The Assessment Review Committee (“ARC”) delivered a ruling in favour of the MRA on the 04th July 2024 regarding the arm’s length nature of royalty fees being paid and whether same would constitute a tax avoidance scheme.

FACTS

  • Avago Technologies Trading Ltd (“ATTL”/ “Applicant”) is a Global Business Company in Mauritius operating in the semiconductor industry.
  • ATTL holds a portfolio of IP products under a License Agreement with GEN IP (IP Holders), a related party in Singapore forming part of the Avago Group.
  • The said agreement provides that ATTL will retain an arm’s length return (effectively 7% of operating profits) under an arrangement where ATTL would act as an intermediary by sub-licensing the manufacture of Avago products to both related and unrelated parties of Avago Group and on-selling the finished products to ATIS (another entity of Avago Group) only.
  • The Applicant claimed royalties paid to GEN IP as a deduction under section 18 of the Income Tax Act 1995 (“ITA”).
  • The MRA was of the view that the payments of royalty to GEN IP were not in accordance with the arm’s length principle and that the arrangement under the License Agreement was designed to avoid tax in Mauritius.

COMMENTS

The ruling highlights the need for companies to proactively revisit their legacy structures and ensure they have the adequate transfer pricing documentation and agreements in place to support related parties transactions.

 

2.  Godolphin Ltd v/s Mauritius Revenue Authority (“MRA”)
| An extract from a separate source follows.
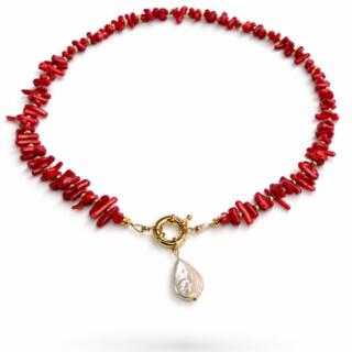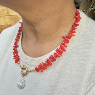 Everyday-elegant coral necklace with soft baroque pearl drop, quiet elegance with abaya for iftar & night gathering 🌙

On the 28th June 2024 the ARC upheld the MRA’s decision to deny the claim for partial exemption on interest income on grounds that the taxpayer did not meet the employment criterion as set out in the Income Tax Regulations 1996.

FACTS

  • Godolphin Ltd (“Company”/“Applicant”) is an investment holding company operating under a Global Business Licence issued by the Financial Services Commission of Mauritius.
  • The Company derived interest income on loans provided to Extrupet Pty Ltd (“EPL”), a wholly owned subsidiary in South Africa which specialises in recycling plastics in South Africa. The total amount of the loans advanced was ZAR 75 million.
  • The Applicant sought to claim partial exemption on the interest income derived from its related party loan advanced.
  • The MRA issued a Notice of Assessment to the Applicant denying its claim for partial exemption specifying that part of the functions relating to the loaned amount to EPL are performed by entities operating outside Mauritius.
  • The MRA maintained that the Company did not employ directly or indirectly an adequate number of suitably qualified persons to conduct its core income generating activities (“CIGA”) in Mauritius.

COMMENTS

The ruling highlights the growing need for the MRA to issue further guidance on how they intend for taxpayers to interpret the CIGA requirement as it relates to partial exemption on interest income.